Battery protection board illustration
The battery protection board is mainly an integrated circuit board that protects rechargeable batteries (generally referred to as lithium batteries). The reason why lithium batteries (rechargeable) need protection is because the material of the lithium battery itself determines that it cannot be overcharged, over-discharged, over-current, short-circuited, and charged and discharged at ultra-high temperature. Therefore, the lithium battery always has a protective plate and a A current fuse appears. The following figure shows the battery board protection circuit. PTC: Positive temperature coefficient thermistor; NTC: Negative temperature coefficient thermistor. When the ambient temperature increases, its resistance value decreases. Use electrical equipment or charging equipment to respond in time, control internal interruption and stop charging and discharging; U1 is Circuit protection chip, U2 is two MOSFET switches connected in reverse. Under normal conditions, both CO and DO of the battery board U1 output high voltage, and both MOSFETs are on, and the battery can be charged and discharged freely.
Overcharge protection: When U1 detects that the battery voltage reaches the overcharge protection threshold, the CO pin outputs a low level, the MOS tube switch 2 turns from on to off, the charging circuit is turned off, and the charger can no longer charge the battery.
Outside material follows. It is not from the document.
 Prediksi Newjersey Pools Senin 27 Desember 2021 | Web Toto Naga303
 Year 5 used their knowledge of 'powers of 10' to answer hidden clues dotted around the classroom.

Overcharge protection.
Over-discharge protection: During the battery discharge process, when U1 detects that the battery voltage is lower than the over-discharge protection threshold, the DO pin changes from high to low, and MOS tube switch 1 is turned off, so that the battery can no longer be discharged; over-discharge In the protection state, the battery voltage can no longer be lowered, and the current of the protection circuit is required to be very small, and the control circuit enters low power consumption.
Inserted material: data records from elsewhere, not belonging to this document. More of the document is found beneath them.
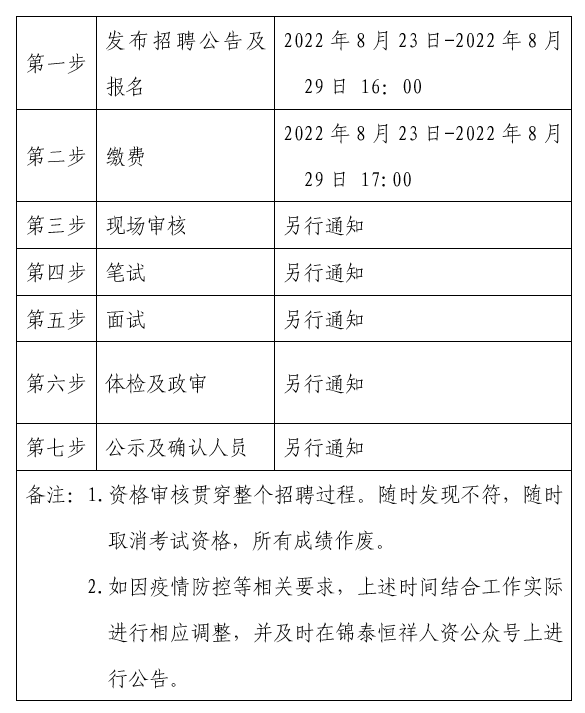 ?2022年8月23日-2022年8月29日 16:00在錦泰恒祥人資官網(www.jthxhr.com)、“錦泰恒祥人資”微信公眾號、“國控集團”官方網站(www.yiyuankaituan.com)及上級部門要求的相關網站等發布招聘公告。
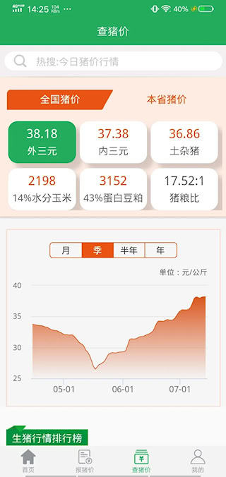 4、软件覆盖了全国的猪价信息,在首页展示了外三元、内三元以及土杂猪等品种的猪价情况。
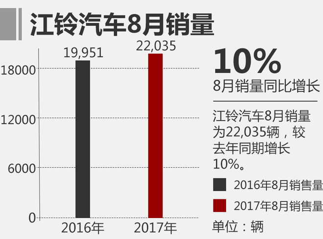 福特汽车在华另一家合资公司——江铃汽车8月份单月销售超2万辆,较去年8月份增长10%;今年1至8月份累计销量超18.5万辆,较去年同期增长16%。其中,福特途睿欧 (配置|询价)及江铃皮卡双双取得佳绩,涨幅较去年8月份同比分别高达140%和15%。

Overcurrent protection: Under normal circumstances, the battery discharges the load, and the current passes through two MOS tube switches connected in series. The VM pin detects that the voltage drop voltage of the two MOS tubes is U. If the load causes U abnormal for some reason, the loop current will increase. When U is greater than a certain value, the DO pin will change from a high voltage to a low voltage, and the MOS tube switch 1 will be turned off, so that the discharge loop current will be zero and the over Current protection.